» YOUR ASSIGNMENT: An exact copy of the data below is needed; please leave out any pictures.

» GIVEN ENTRIES:
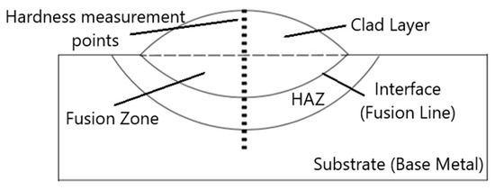 Scheme of hardness measurements and characteristic features of single bead geometry, as shown in Figure 11.
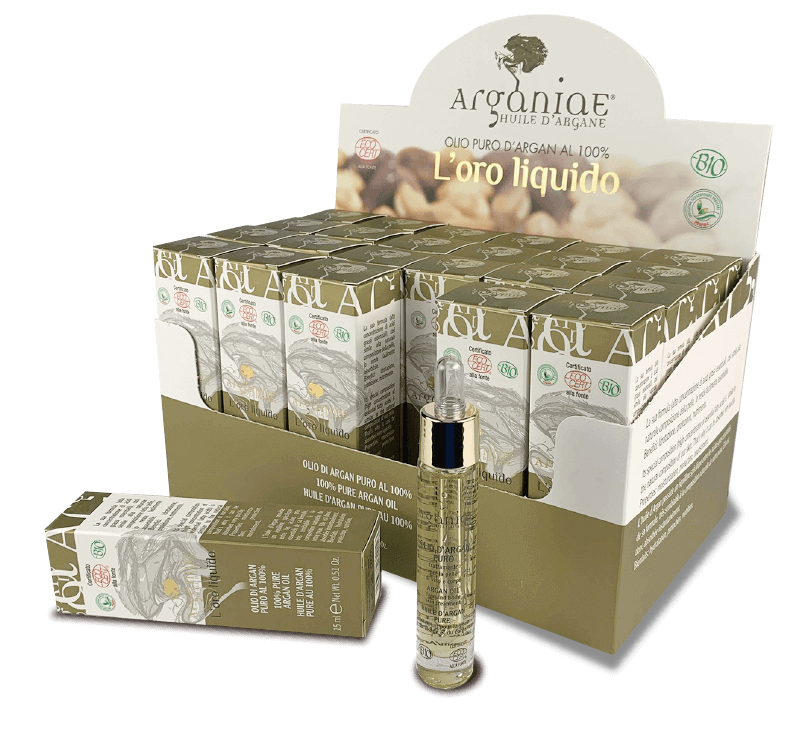 Arganiaeの商品は、科学的処理を行わず自然(オーガニック)に注力した職人のプロセスで生産しております。伝統的な低温圧搾法で時間を掛け、丁寧な作業で採油されたクオリティーの高いアルガンオイルだけを使用しており、このプロセスこそがArganiaeのアルガンオイルが高品質で世界中から長年大きな信頼を得られる根拠となっております。
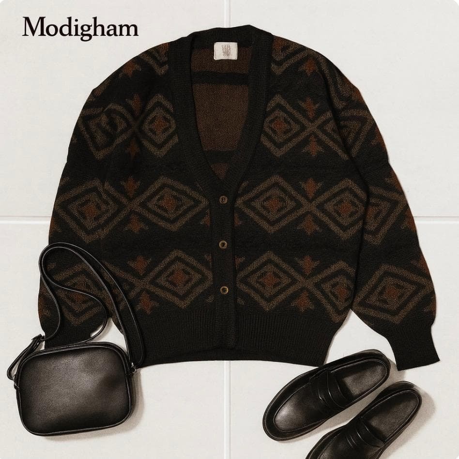 J1636@ 1スタ Modigham モディガム イタリヤ製 ニットカーディガン L ブラック 総柄 ジオメトリック
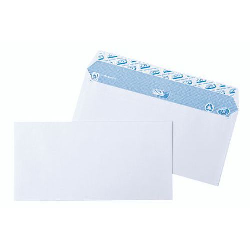 Envelop, wit met blauwe binnenkant voor het in alle vertrouwelijkheid verzenden van uw dagelijkse post. Beveiligde verzending dankzij de zelfklevende sluiting met stripsluiting en verstevigde verlijming. Stevig papier van goede kwaliteit.
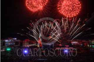 CIUDAD DE MÉXICO, 15SEPTIEMBRE2022.- Miles de personas se dieron cita en la plancha del zócalo capitalino para la conmemoración del 212 aniversario de la Independencia de México, luego de dos años de restricción de aglomeraciones derivadas de la pandemia por covid-19. La festividad está contemplada con el concierto de Los Tigres de Norte, y el grito de Independencia por parte de Andrés Manuel López Obrador, presidente de México. FOTO: MARIO JASSO/CUARTOSCURO.COM
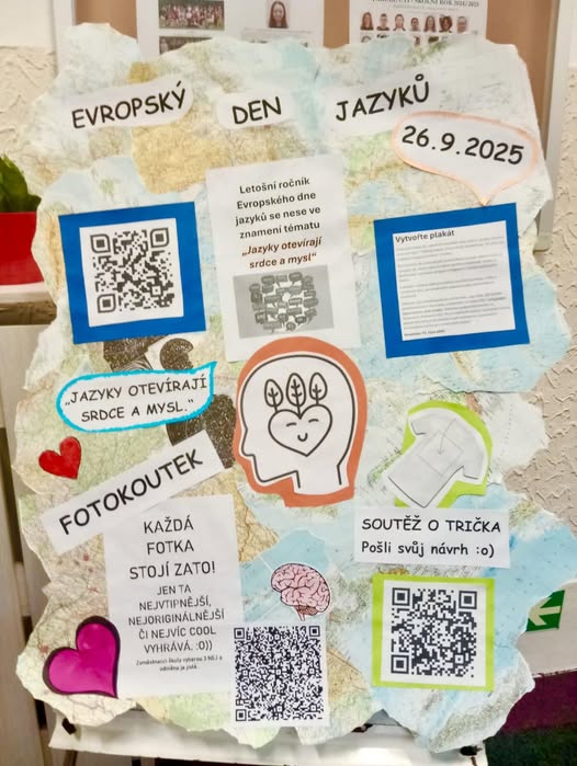 📢 V pátek 26. 9. 2025 opět po roce slavíme Evropský den jazyků🌍✨ Ve vestibulu školy najdete foto koutek 📸 – fotografie budou ihned vkládány na Padlet. 👉 Více informací najdete na plakátu. Těšíme se na vás💬🎉 https://padlet.com/PavlaPankova/den-jazyk-8rhj48g70n56ze8w?fbclid=PAVERFWAM3azhleHRuA2FlbQIxMAABpwQ6c-QBmIe9MlnSHFYw6lOoiYvN6FAJIOQU1b4RWsyQUKH21GkhY3n7U3Hk_aem_N6SI90p2m52SUsqt8uC3BQ (fb)

» OUTPUT BELOW:
 Scheme of hardness measurements and characteristic features of single bead geometry, as shown in Figure 11.
 Arganiaeの商品は、科学的処理を行わず自然(オーガニック)に注力した職人のプロセスで生産しております。伝統的な低温圧搾法で時間を掛け、丁寧な作業で採油されたクオリティーの高いアルガンオイルだけを使用しており、このプロセスこそがArganiaeのアルガンオイルが高品質で世界中から長年大きな信頼を得られる根拠となっております。
 J1636@ 1スタ Modigham モディガム イタリヤ製 ニットカーディガン L ブラック 総柄 ジオメトリック
 Envelop, wit met blauwe binnenkant voor het in alle vertrouwelijkheid verzenden van uw dagelijkse post. Beveiligde verzending dankzij de zelfklevende sluiting met stripsluiting en verstevigde verlijming. Stevig papier van goede kwaliteit.
 CIUDAD DE MÉXICO, 15SEPTIEMBRE2022.- Miles de personas se dieron cita en la plancha del zócalo capitalino para la conmemoración del 212 aniversario de la Independencia de México, luego de dos años de restricción de aglomeraciones derivadas de la pandemia por covid-19. La festividad está contemplada con el concierto de Los Tigres de Norte, y el grito de Independencia por parte de Andrés Manuel López Obrador, presidente de México. FOTO: MARIO JASSO/CUARTOSCURO.COM
 📢 V pátek 26. 9. 2025 opět po roce slavíme Evropský den jazyků🌍✨ Ve vestibulu školy najdete foto koutek 📸 – fotografie budou ihned vkládány na Padlet. 👉 Více informací najdete na plakátu. Těšíme se na vás💬🎉 https://padlet.com/PavlaPankova/den-jazyk-8rhj48g70n56ze8w?fbclid=PAVERFWAM3azhleHRuA2FlbQIxMAABpwQ6c-QBmIe9MlnSHFYw6lOoiYvN6FAJIOQU1b4RWsyQUKH21GkhY3n7U3Hk_aem_N6SI90p2m52SUsqt8uC3BQ (fb)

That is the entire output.